⟨
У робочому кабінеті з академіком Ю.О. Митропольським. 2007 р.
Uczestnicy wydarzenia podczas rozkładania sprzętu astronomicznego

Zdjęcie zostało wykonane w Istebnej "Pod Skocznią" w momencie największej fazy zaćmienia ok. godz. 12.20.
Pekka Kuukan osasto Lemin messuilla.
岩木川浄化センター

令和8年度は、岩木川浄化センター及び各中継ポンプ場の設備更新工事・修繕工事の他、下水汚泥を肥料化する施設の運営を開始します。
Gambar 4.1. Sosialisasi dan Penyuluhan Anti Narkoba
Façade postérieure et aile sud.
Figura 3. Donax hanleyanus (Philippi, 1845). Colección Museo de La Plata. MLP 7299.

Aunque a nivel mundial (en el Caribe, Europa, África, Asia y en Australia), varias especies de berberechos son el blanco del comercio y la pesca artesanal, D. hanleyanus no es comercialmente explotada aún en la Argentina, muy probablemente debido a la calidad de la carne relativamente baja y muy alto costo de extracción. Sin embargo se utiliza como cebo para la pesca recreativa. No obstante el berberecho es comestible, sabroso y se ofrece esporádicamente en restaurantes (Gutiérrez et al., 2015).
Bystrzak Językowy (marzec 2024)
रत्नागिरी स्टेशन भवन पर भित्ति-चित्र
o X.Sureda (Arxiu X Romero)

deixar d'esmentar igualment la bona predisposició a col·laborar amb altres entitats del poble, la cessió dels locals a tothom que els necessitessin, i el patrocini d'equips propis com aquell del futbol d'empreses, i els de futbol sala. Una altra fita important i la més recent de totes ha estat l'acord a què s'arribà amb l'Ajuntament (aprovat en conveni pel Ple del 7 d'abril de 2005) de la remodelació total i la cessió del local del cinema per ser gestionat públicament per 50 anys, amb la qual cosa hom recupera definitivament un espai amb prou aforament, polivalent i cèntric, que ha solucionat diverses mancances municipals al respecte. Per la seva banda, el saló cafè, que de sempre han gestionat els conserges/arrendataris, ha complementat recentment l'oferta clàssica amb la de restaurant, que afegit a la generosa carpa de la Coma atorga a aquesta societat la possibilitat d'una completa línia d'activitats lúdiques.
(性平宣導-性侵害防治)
⟩
⟨
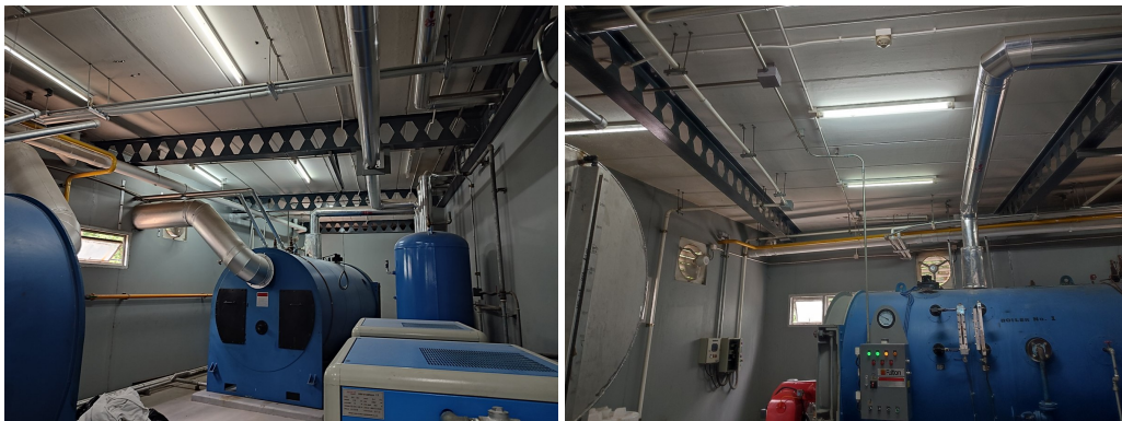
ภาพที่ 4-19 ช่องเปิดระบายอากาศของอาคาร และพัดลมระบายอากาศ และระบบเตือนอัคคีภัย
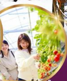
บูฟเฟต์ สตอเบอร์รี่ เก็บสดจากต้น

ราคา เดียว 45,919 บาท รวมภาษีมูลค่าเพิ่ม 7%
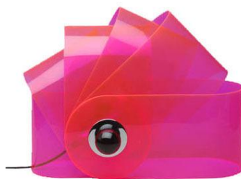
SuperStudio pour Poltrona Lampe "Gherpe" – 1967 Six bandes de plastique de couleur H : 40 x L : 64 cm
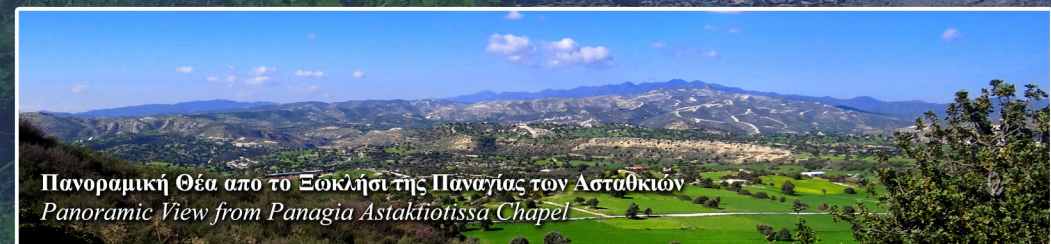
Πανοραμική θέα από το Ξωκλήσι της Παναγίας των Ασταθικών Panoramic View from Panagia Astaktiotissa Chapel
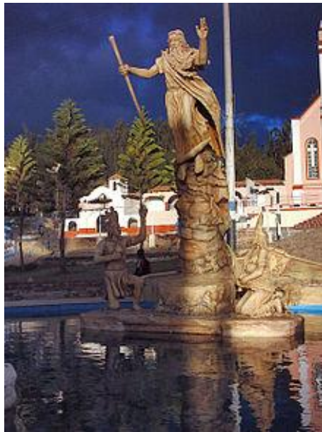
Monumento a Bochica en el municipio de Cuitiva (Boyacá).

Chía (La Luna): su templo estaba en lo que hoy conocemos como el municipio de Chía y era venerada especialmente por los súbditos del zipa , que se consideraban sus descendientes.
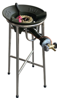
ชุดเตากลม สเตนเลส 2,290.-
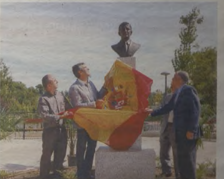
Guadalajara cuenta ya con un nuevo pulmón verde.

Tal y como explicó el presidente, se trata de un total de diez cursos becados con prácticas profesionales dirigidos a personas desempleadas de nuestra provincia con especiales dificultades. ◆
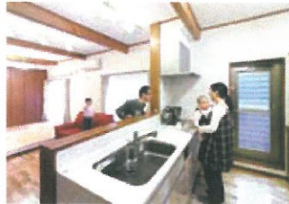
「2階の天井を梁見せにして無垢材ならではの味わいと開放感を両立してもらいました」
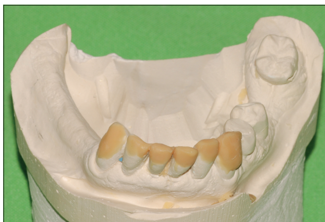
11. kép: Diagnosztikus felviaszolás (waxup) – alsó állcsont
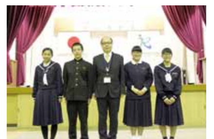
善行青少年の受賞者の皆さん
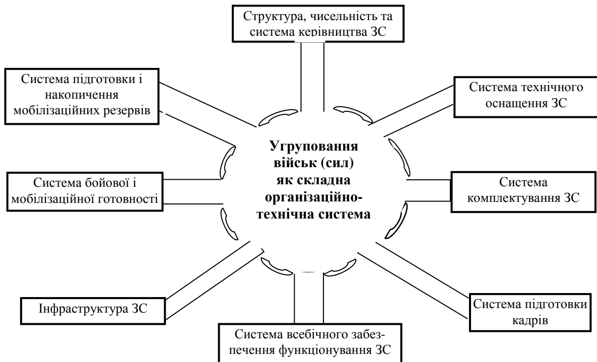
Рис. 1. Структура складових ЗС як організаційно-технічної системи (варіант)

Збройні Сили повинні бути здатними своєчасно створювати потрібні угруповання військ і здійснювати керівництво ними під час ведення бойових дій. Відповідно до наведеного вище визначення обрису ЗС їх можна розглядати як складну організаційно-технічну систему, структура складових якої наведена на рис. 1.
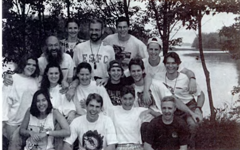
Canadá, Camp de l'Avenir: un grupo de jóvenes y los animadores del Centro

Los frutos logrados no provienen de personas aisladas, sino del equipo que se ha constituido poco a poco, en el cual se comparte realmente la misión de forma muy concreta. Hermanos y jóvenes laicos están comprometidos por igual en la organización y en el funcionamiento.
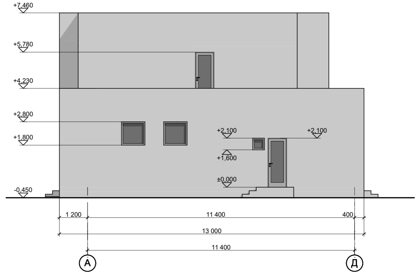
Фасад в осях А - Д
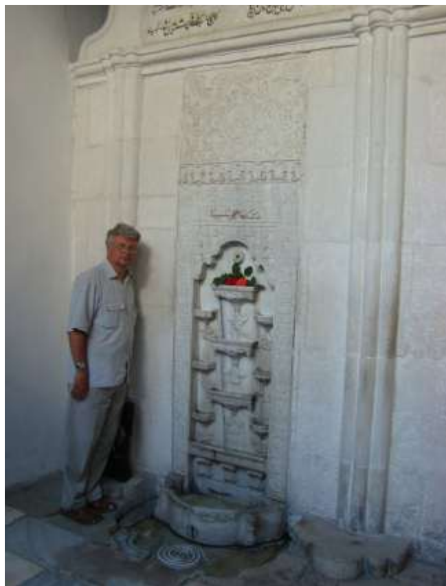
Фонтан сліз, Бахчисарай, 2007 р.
⟩
⟨
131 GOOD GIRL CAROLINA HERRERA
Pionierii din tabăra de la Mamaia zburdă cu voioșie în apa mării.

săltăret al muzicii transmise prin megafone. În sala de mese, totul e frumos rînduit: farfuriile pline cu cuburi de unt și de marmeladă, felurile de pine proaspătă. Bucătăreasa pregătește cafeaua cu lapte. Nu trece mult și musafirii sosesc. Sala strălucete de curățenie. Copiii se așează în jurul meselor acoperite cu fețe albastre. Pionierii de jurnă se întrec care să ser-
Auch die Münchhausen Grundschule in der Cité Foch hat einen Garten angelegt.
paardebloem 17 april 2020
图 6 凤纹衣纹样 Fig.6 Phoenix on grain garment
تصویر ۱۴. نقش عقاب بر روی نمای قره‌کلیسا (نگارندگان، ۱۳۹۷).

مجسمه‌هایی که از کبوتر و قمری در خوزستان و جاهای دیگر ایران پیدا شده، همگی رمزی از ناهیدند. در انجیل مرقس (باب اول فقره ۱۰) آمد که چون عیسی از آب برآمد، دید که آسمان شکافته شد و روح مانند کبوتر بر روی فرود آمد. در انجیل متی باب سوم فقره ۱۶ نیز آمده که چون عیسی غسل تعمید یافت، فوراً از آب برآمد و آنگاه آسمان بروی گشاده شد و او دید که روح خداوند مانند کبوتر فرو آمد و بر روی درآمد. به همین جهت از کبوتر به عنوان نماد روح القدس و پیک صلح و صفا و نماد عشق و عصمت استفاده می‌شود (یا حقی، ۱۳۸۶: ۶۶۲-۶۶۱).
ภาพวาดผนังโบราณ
⟩
- Task goal -
No picture is to be printed. Output exactly the lines above from the line containing "善行青少年の受賞者の皆さん" through the line containing "Рис. 1. Структура".

- Solution to the exercise -
善行青少年の受賞者の皆さん
Рис. 1. Структура складових ЗС як організаційно-технічної системи (варіант)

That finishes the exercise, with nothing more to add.